Penn Cove Water Festival to honor artist Roger Purdue, offer plenty of food and fun

The Penn Cove Water Festival will once again honor the region’s Native American heritage with canoe races, performances and education. The festival allows Northwest tribes to share their heritage through tribal dancing, singing, storytelling, native artists’ booths and demonstrations.

Canoe paddlers race at a previous Penn Cove Water Festival.

The Penn Cove Water Festival will once again honor the region’s Native American heritage with canoe races, performances and education.

The festival allows Northwest tribes to share their heritage through tribal dancing, singing, storytelling, native artists’ booths and demonstrations.

The event also includes food such as fry bread and salmon cooked over an alder wood fire.
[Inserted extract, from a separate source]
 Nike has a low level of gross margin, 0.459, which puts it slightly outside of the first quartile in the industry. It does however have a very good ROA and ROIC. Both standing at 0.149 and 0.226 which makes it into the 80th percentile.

The annual festival kicks off 8 p.m. Friday, May 9, with Native American storyteller Lou Labombard sharing oral traditions around a bonfire at the Pacific Rim Institute.
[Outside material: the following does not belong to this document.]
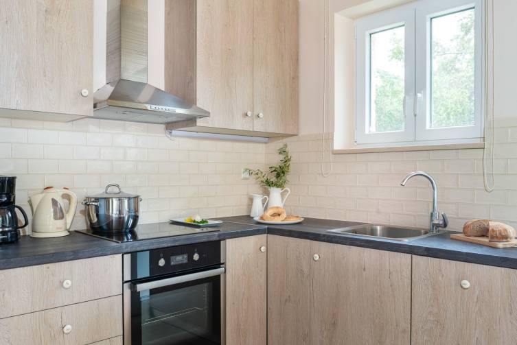 Selbstversorger: vollausgestattete Küche in der Unterkunft, Tavernen und Einkaufsmöglichkeiten in Agios Nikitas sowie am Kathisma Beach.

Saturday will feature traditional canoe races throughout the day.

The races run between the Coupeville boat launch and Coupeville wharf and can be seen from the wharf and along viewpoints on Front Street.

This year’s festival will be dedicated to the late artist Roger Purdue, said festival president Vicky Reyes.

Purdue’s art designs have been featured for decades as festival logos.

Prior to Purdue’s passing this year, he gifted many more pieces for future festivals.

Reyes said his artwork will be displayed at the Coupeville Library.

It will also be for sale at the Native Spirit Art Show and Island County Historical Museum.

A ceremony to honor  Purdue will be held before the Tsimshian dancers take the stage.

Penn Cove Shellfish is being honored this year for years of support and sponsorship, Reyes said. Gifts will be presented to Ian and Rawle Jefferds at 11 a.m. Saturday during the opening ceremony on Front Street.

There will be vendor booths along Front Street selling various items. Vistors can feast on salmon tacos with fry bread or a Central Whidbey Lions hot dog near the main stage.

Coupe’s Last Stand will be selling hot dogs down by the boat launch as well this year.

Adam Lorio, education program manager for the Samish Indian Nation, will be featured as he leads activities for children on the wharf.

A juried art show featuring some of the Northwest’s Native American and Native American-theme artists will be held at the Coupeville Recreation Hall on May 10 and 11.

Demonstrations by many of the artists will take place during show hours.

In cooperation with the Pacific Rim Institute, there will be a 2 p.m. shuttle run between the festival and institute to provide attendees the opportunity of experiencing one of the annual prairie tours held on Saturday.